Part 3: Types of Gods
I don't really like the usual fantasy domains, because they seem mostly based on a limited set of real world religions and also not have a lot to do with how people live their lives and what is important to them. Like probably a lot of religions have a god associated with "thunder" but I think it was not necessarily one of the most important things people would have a god for. But having sets of domains is convenient for designing games. So here's an alternative set
- Gods of the state. The sun, the king, humans who become gods, etc. They represent power and authority, justice and the law. They are most concerned with right and wrong, and their followers are most likely to have institutional power. They are most likely to be hierarchical in nature and to require uniformity in belief. Paladin-types would be associated with these, whether they represent justice or tyranny. You are most likely to deal with this god's representatives, rather than this god directly.
- Gods associated with sustenance. Gods of farming and the harvest, the seasons, the hunt, the rivers and the sea. Everyday gods, maybe small and local ones. Celebrated in festivals that mark the rhythm of the years. Of most immediate concern to ordinary people. Clerics may be more informal, more embedded in the community, with more regional customs and more differences from village to village.
- Chthonic gods: gods of the underworld, of death, of curses and oaths and vengeance. Perhaps gods that go unnamed, that are propitiated rather than worshipped. Feared, but not necessarily evil. Death is a part of life. Laws may also fall under their domain, but only the oldest laws, laws even the gods fear to break.
- Mystery gods. Gods of secrets, the knowledge of the universe. Books and monasteries, or initiation rituals and hidden places. Remote places, altered states of mind. Things only a few are meant to know. Old and forgotten gods, and gods that appeared yesterday. It's disappointing that this type of god is usually relegated to evil cults, because there is so much more that you can do that's interesting.
- Gods of the home. Your ancestors. The hearth. Children and childbirth. Sickness and health. A home altar, or perhaps something small you carry with you as you travel. A mischievous spirit. Few priests: perhaps someone to bless your house when you lay its foundations, but it's everyone's individual responsibility otherwise.

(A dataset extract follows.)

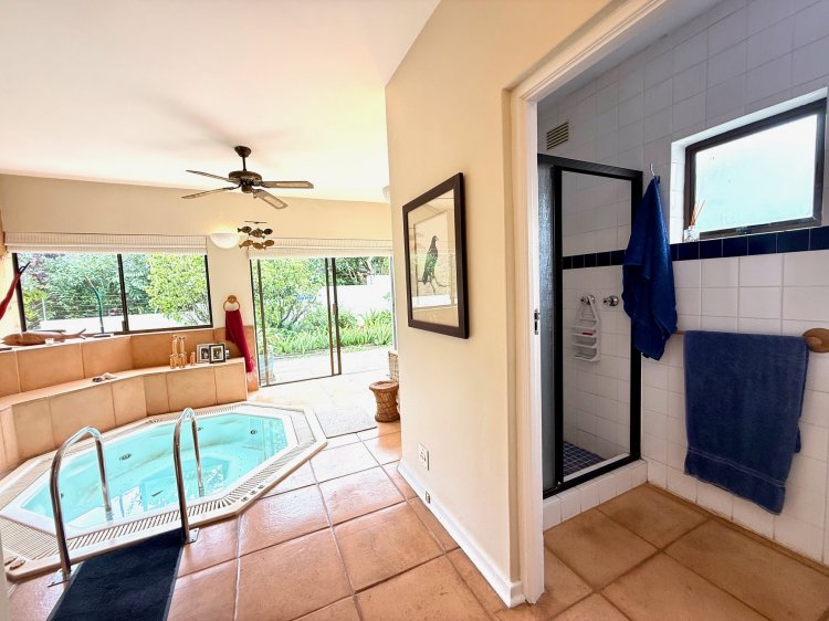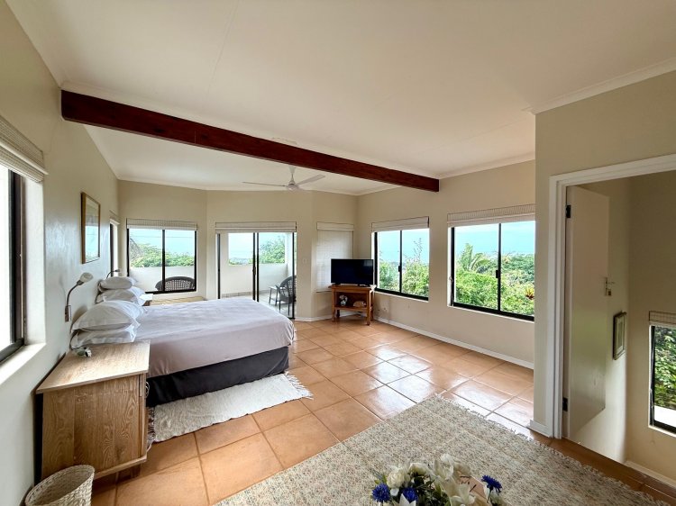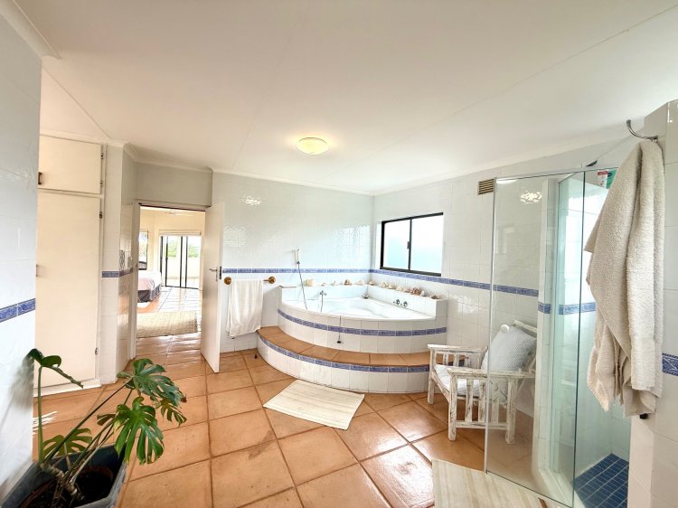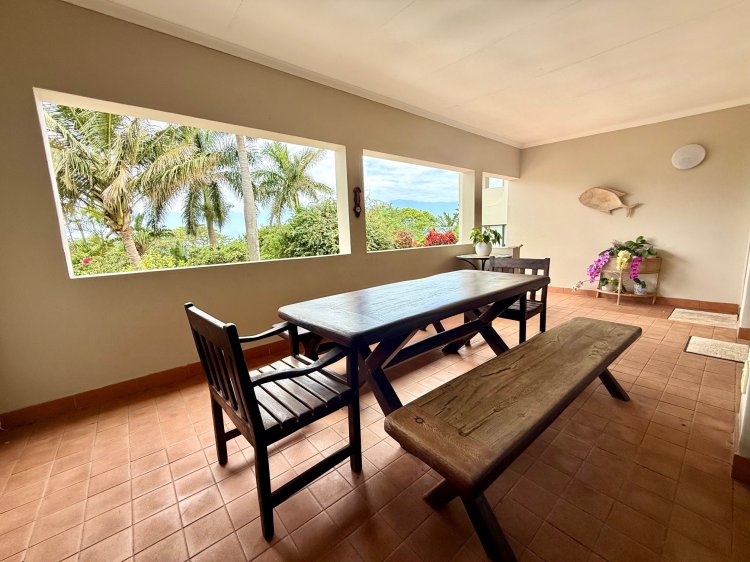 This beautifully designed home offers both comfort and functionality, ideal as a family residence or a luxurious coastal retreat. Featuring 4 bedrooms and 4 bathrooms, the property also includes a separate guest flat or staff quarters for added versatility. The layout embraces the central entertainment area, complete with a swimming pool, flowing to an indoor patio lounge with a built-in bar or serving area. From here, the home extends to a spa-style zone with an indoor Jacuzzi, sauna, and bathroom, opening through sliding doors to a tranquil garden. The main bedroom suite is privately positioned upstairs and offers a spacious retreat with a covered patio boasting panoramic ocean views. The kitchen connects conveniently to both sides of the home, featuring a pantry and a separate outdoor laundry area. Additional features include double garages, double carport, and ample guest parking. The property is equipped with a water tank connected to the house, as well as solar panels and an inverter, enhancing energy efficiency. Designed for low-maintenance living, this home combines spacious luxury with the peaceful atmosphere of coastal life.

- Gods of work. Of wealth and good fortune, of travelers and merchants, of artisans and skill. A god for a guild; for a marketplace; for a ship; for a harbour; for an old mill, or the winds that drive it; for the magic that keeps a blade sharp. These gods are very specific, and their worship is aligned with other institutions and traditions.
Combining These
Picking some random combinations:
- gods of the state + mystery gods: A temple that only a select few can visit, the center of royal power, the place the ruler communes with the gods and thus gains the right to rule, would make an excellent dungeon.
- Gods of the home + gods of work: Certain jobs stay within certain families, the worship of the relevant god passed down from generation to generation. A mill, perhaps, where the last miller died, and now the mill is angry.
- Chthonic gods + mystery gods: almost too obvious a combination. But perhaps you have sworn to take revenge, or you must find a particular sword that can slay the dragon or something, and the only way you can do that is prove yourself in the dungeon of someone or other and gain an audience with a god at the gates to the underworld at the bottom.
You could also have more than one god in each category. A village with a god of the fields, of the forest, and of the sea as their main gods (each falling under a god of sustenance) tells you something about how the town sees the world. A town with 4 gods representing 4 civic virtues (gods of the state) also tells you something about it. Maybe these gods aren't even considered to be supernatural beings, they are explicitly meant to be metaphorical. Contrast against one whose state religion consists of the patron god of three powerful families who compete for power.